Once the skill is performed accurately and independently under one condition, are you arranging multiple opportunities for the student to practice the skill with different people, and in multiple settings?
The caution here is that the opportunities for generalization may be more than the student can handle. Manage the generalization process by choosing the environments and the materials where you will intentionally reinforce the use of a system. Pay attention to the student’s level of frustration and identify those tasks that are most critical to success. Is that chaotic locker the last place that you want to focus on? Is concrete performance in specific tasks a better focus?
Are you arranging opportunities for the student to practice the targeted skill in natural environments and under natural conditions?
The involvement of multiple instructors is likely to mean attention by each instructor to the student’s performance with specific tasks. Is the instructor attentive to the movements of the student receiving work, putting up work, retrieving work for turning it in, using tools to complete a task? In coaching other instructors, it may be worthwhile to note that this does not necessarily mean constantly watching the student. It does mean catching the student using the system or just before he will use the system. It means guiding the student’s attention to visual cues that help him think about where it goes and then socially praising him.
Have you adapted visual supports so that they can remain in the natural environments that this student encounters now, and in the future?

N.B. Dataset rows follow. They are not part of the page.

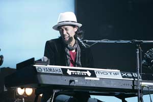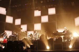 1曲目「ママのピアノ」につづき、彼らの名前を大きく一般に広めた名曲「愛してる」とミディアムバラードを立て続けに披露。M3「YOUR STORY」で、もう一度オープニングを迎えるような高揚感から一気に突き進む。渡は広いステージを右へ左へハンドマイクで歌いながら移動。彼らのライヴを始めて体験すると驚くかもしれない。「こんなに攻撃的なのか!」と。ステージセットにもニクイ仕掛けを施しアッと驚かされたり、完璧に風味堂空間を作り上げる。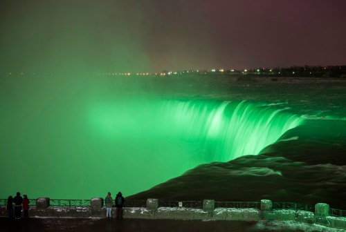Both the American and Canadian Horseshoe Falls will be bathed with vibrant green light for 15-minute intervals at the top of the hour from 9 p.m. to 1 a.m., joining numerous prominent world icons such as the Sydney Opera House, Empire State Building, the Christ the Redeemer statue in Rio de Janeiro, the London Eye, the Colosseum in Rome and the Leaning Tower of Pisa, to name but a few.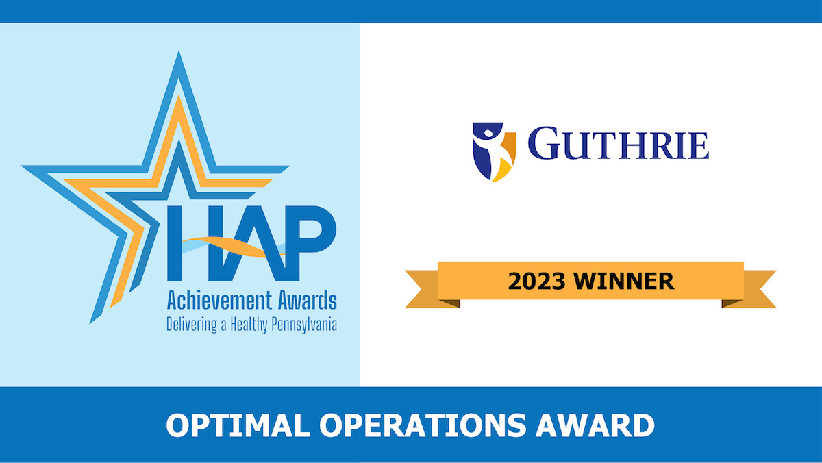 Guthrie represented two of the 12 winning projects, selected from a group of 82 total submissions, and was awarded the Optimal Operations Award for implementing a new team-based approach to nursing to reduce staff turnover and vacancies, improve patient and staff satisfaction, and improve quality and the In Safe Hands Award for implementing new procedures to reduce hospital-acquired infections.

Consider whether the strategies such as labeling binders or lockers can be adapted to fit a vocational situation. Locker labeling or a structure system can be carried over to the locker at work. The visual books and supplies checklist needed for school and placed on a desk at home can be adapted as a supplies and materials list needed for the job and placed on the student’s work area table. If the student is moving on to post-secondary settings, consider the organizational structures you have developed in high school (e.g. 3-ring binder system, section labels and dividers, etc.) These systems may transfer to the post-secondary settings.
Are you collecting data to make adjustments to your teaching and to ensure that the student is performing the skill across multiple conditions?